You've been hired (once again :) your career is going pretty well!) as a data scientist for a supermarket chain that wants to start extracting insights from their data.

You start by analyzing customer flow in one of the stores. Let's get our data:

In [None]:
store = utils.get_store_data()
store.head()

## Exercise 1 - Date to index

Convert the `date` column to `datetime` and set it as index of the `store` dataframe.

Don't forget the best practice for datetime indexes!

In [None]:
# store = ...
# YOUR CODE HERE
raise NotImplementedError()

In [None]:
assert hashlib.sha256(json.dumps(''.join([str(i) for i in store.columns.to_numpy()])).encode()).hexdigest() == \
'055ab105b7156113b812cde9f7e935768c6d5899150523cd269ba767fb4f8d7f', 'Did you set the date column as index?'
assert isinstance(store.index,pd.DatetimeIndex), 'Did you convert the index to datetime?'
assert hashlib.sha256(json.dumps(''.join([str(i) for i in store.index])).encode()).hexdigest() == \
'6b85e1eefc04198fc82eb98f0256ff132bd99170a60f4393f4288a8d128313dc', 'Did you follow the best practices for datetime indexes?'

## Exercise 2 - Time series preprocessing

### Exercise 2.1 - Look out for duplicate timestamps (ungraded)

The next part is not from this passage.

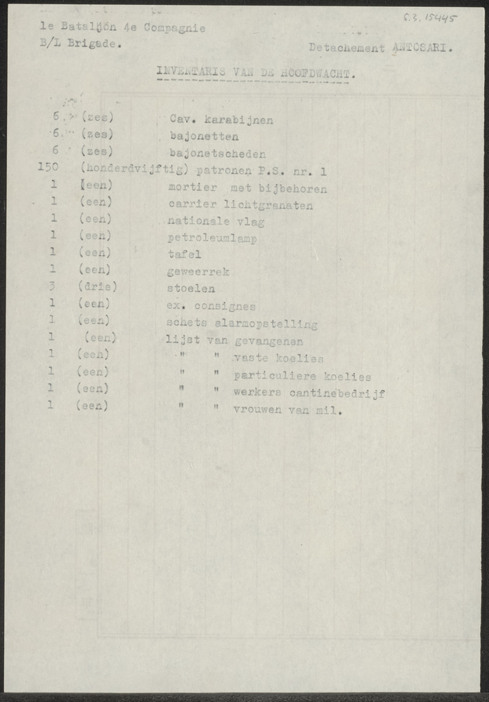 Ie Bataljon 4e Compagnie Detachement ANTOSARI Invent...

When working with time series, we should make sure that we don't have more than one value for the same timestamp. How would you check if there are any duplicates?

In [None]:
## UNGRADED CELL
# use this cell to write your code
# ...

### Exercise 2.2 - Missing days

Sometimes datasets don't have rows corresponding to all timestamps, as a data scientist you should check if this is the case. Copy `store` to a new variable called `store_complete`, with no gap days. Fill the missing data with null values.

In [None]:
store_complete = store.copy()
# store_complete = 

# YOUR CODE HERE
raise NotImplementedError()

In [None]:
assert store_complete.shape == (1672,1), 'Did you add the missing timestamps?'
assert store_complete.isnull().sum().iloc[0] == 11, "Did you fill in the missing values with nulls?"
assert hashlib.sha256(json.dumps(''.join([str(i) for i in store_complete.loc[store_complete.isnull().customers].index])
).encode()).hexdigest() == '02e28bdebe0533aee335a1cabf9d5126924e254d1739eb7796040e7add8c0a0f', \
"Did you fill in the correct missing days?"
assert hashlib.sha256(json.dumps(''.join([str(i) for i in store_complete.index])).encode()).hexdigest() == \
'f3feff5cbde9ed0ac3a05893cbaac73001c1f5554ae9627bb68cf595b5399056', 'Is the index ordered?'

## Exercise 3 - Working with timestamps

### Exercise 3.1 - Worst day in 2016

What was the worst day in terms of customers in 2016? Find the timestamp of the day with the least number of customers in 2016 and assign it to the variable `worst_day_2016`.

In [None]:
#worst_day_2016 =

# YOUR CODE HERE
raise NotImplementedError()

In [None]:
assert isinstance(worst_day_2016, pd.Timestamp), 'The answer should be a timestamp.'
assert hashlib.sha256(json.dumps(str(worst_day_2016)).encode()).hexdigest() == \
'e8c2fa791b4ca2388706faceea087d1b380f8697281caa58b468a6f0092e328b', 'Not correct, try again.'
print(f"The worst day in 2016 was {worst_day_2016.day} of {worst_day_2016.month_name()}. Talk about new year's blues!")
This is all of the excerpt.